Money identifies three characteristics uniting fungi:

they are eukaryotes [organisms with cells housing genetic material in nuclei], which feed by absorption, and reproduce by forming spores.

For me, a key attribute of many fungi is the creation of hyphae or filaments that, as they elongate in the search for food, create a hyphal web or mycelium.  Money describes this as “the fungal colony.”  Yes, we sometimes see that web structure above ground (he suggests looking under a flower pot), but more often than not it’s all spreading below ground, beneath our feet, waiting for the right set of circumstances to launch fruitbodies above ground.  The vastness of some of the mycelia is truly astounding.  Money reports that the subsurface mycelia of one honey fungus in Oregon covers 10 square kilometers, may weigh in at 35,000 tons, and have been alive for 2,400 years.   I find it fascinating that, rather than relying on something like chemical detection in the quest for food, the mycelia use brute strength, "spread[ing] outwards in all directions until they strike digestible objects.  When this happens the colony reacts by redirecting growth towards these locations."  (Money, Fungi.)

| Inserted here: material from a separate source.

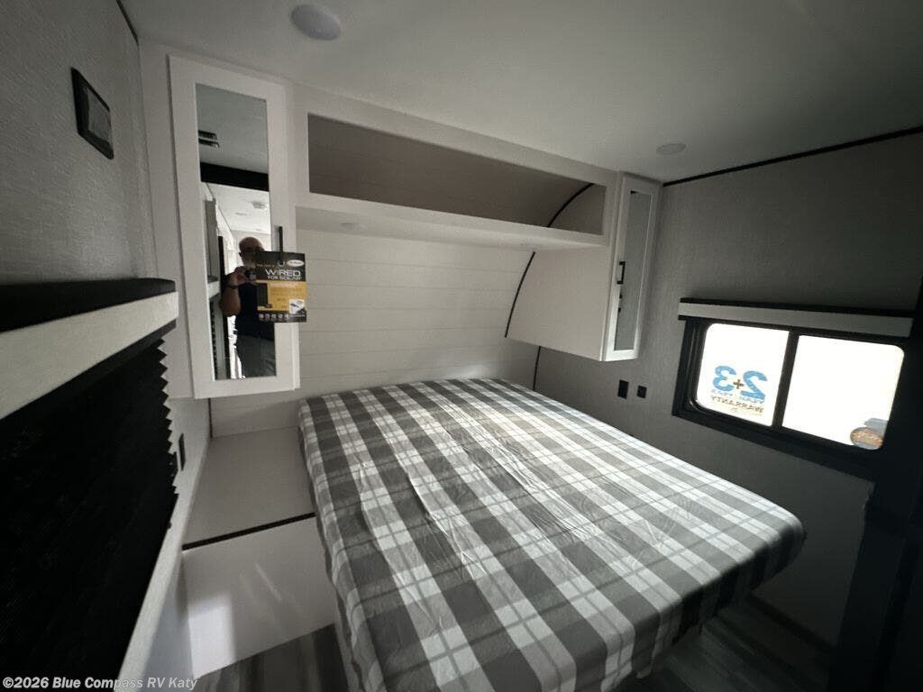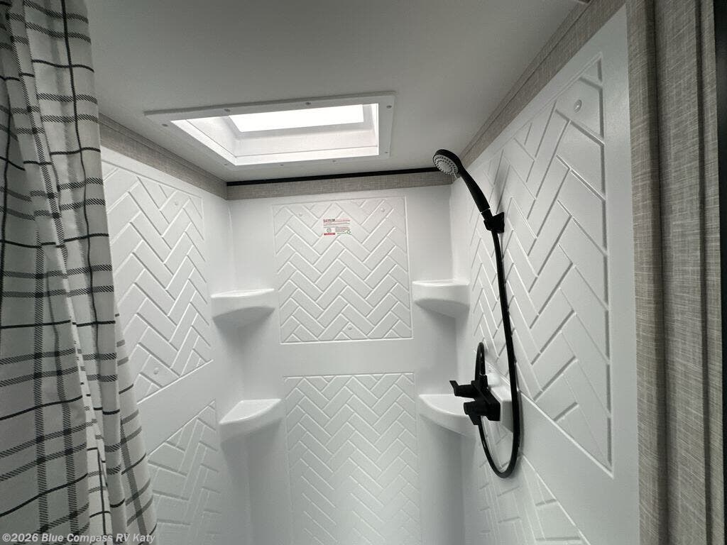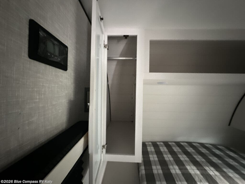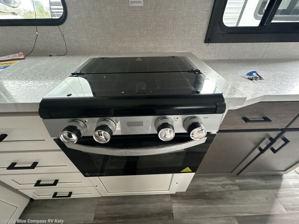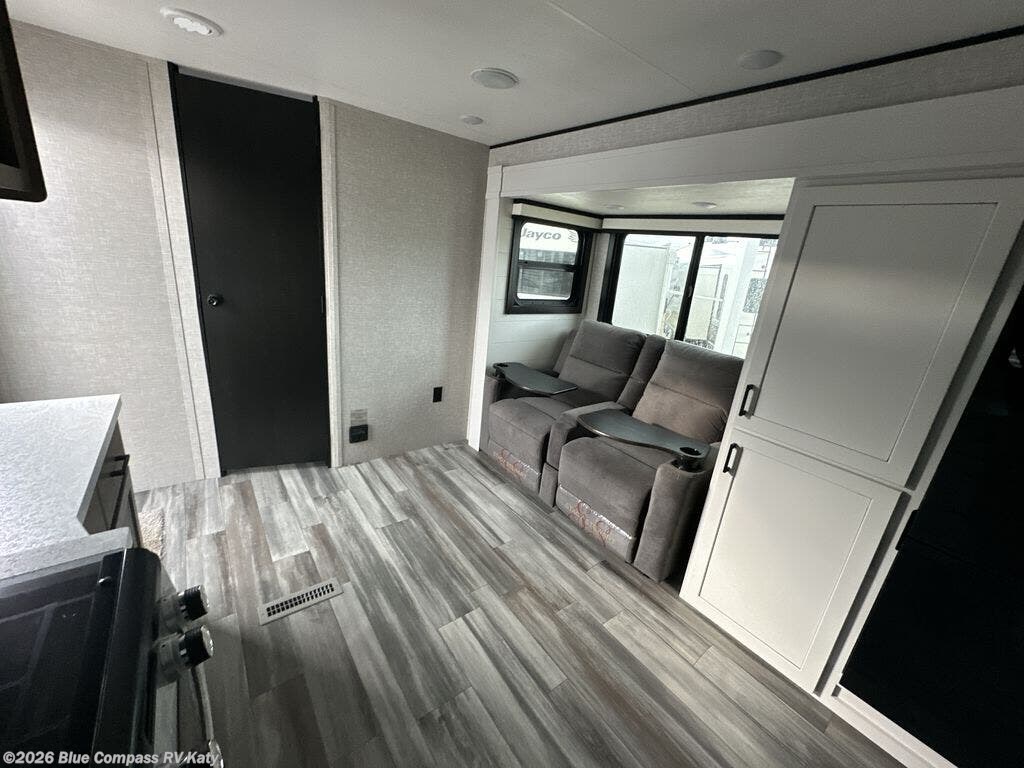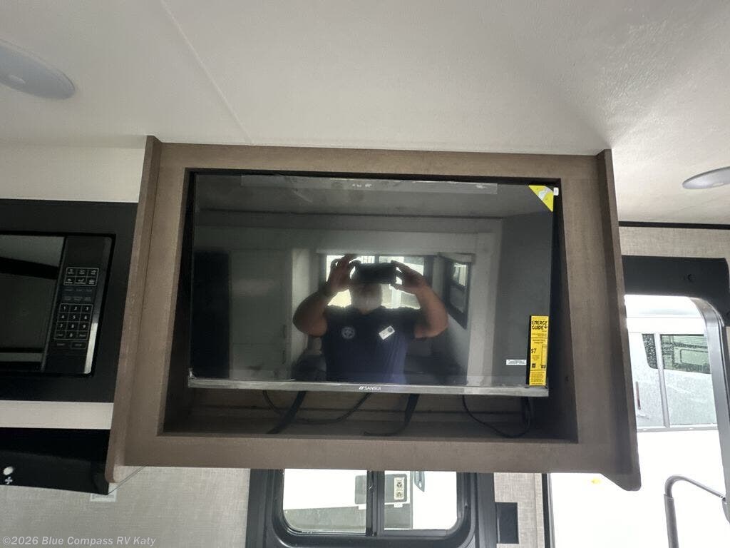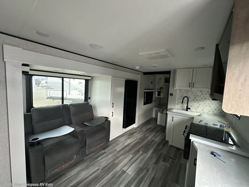 You will feel right at home in this travel trailer! It features a front private bedroom with a 60" x 75" queen bed that has wardrobes on either side and a shelf above to set your books. The kitchen has everything you will need to prepare a delicious home cooked meal including a large pantry to store your favorite snacks. The theater seats are directly across from the entertainment center and can also be switched out for an optional tri-fold sofa and you can choose to add an optional LED Smart TV as well. The full rear bathroom has an abundance of room for you to walk around as you get ready each morning. You can grab a jacket on those crisp mornings and head to the outdoor griddle with LP Quick Connect to make pancakes!

Sarah Gibson, reporter with New Hampshire Public Radio, has proven to be quite interested in mushrooms this year.  In a piece titled Summer Rains Bring Mushroom Frenzy to New England (WBUR News, August 9, 2021), she describes a walk with mushroom expert Christine Gagnon in woods along the Piscataqua River (which separates New Hampshire from Maine).  A very wet summer in New England has created ideal conditions for the appearance of myriad mushrooms springing forth from the underground mycelia.  “Everywhere you go, you can’t not see mushrooms,” says Gagnon.  The downside of this is the propensity of the uninformed or misinformed mushroom collector to ingest specimens from toxic species.

Casting the net broader than Gibson, I have found this to be a banner summer for fungi in the Northeastern portion of the U.S.  I was surrounded by mushrooms for much of late July through mid-August in the Jamesport area of Long Island and these riches have been present near my home in Silver Spring, Maryland, bordering Washington, D.C.  Wet conditions have, for the most part, prevailed in these two areas.

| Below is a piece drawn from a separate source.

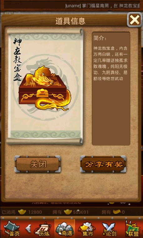 神龙教宝盒内含万两白银,开启宝盒还有一定几率获得独孤求败魂魄、纯阳无极功、九阴真经、易筋经等绝世武功。武林人士梦寐以求的珍宝尽在其中,全民疯抢就在今夜,圣诞大战一触即发,掌门你准备好了么?

So what fungi have I encountered?  Here is a montage featuring a few of the mushroom specimens spotted during my sojourns at Jamesport and Silver Spring this summer.

I’ve numbered the images and present below my early attempts to identify what I photographed, usually only to the genus level and, even then, with lots of doubt.  I chose not to disturb these fungi and so forsook some of the best, though also destructive, ways of identifying fungi.  I’ve used what has come up at iNaturalist and what I learned from Barron’s guide.  In all cases, I most certainly stand to be corrected.

  1. Strobilomyces strobilaceus, Old-Man-of-the-Woods
  2. Sebacina schweinitzii, jellied false coral fungus
  3. Amanita sp.
  4. Boletaceae family
  5. Trametes versicolor ?, Turkey Tail
  6. Chlorophyllum molybdites, green-spored parasol – if my identification is right, this is a monstrously large example of this poisonous mushroom having a diameter of over 11.5 inches
  7. Amanita sp.
  8. Amanita sp.
  9. Russula sp., brittlegill
  10. Lepiota sp.

I close by stressing the sobering import of Money’s epigraph that opened this post.  Despite the many fundamentally constructive and restorative ways in which fungi interact with humans, other life, and the planet in general, and the good uses to which they may be put in the future, they will not save us from ourselves.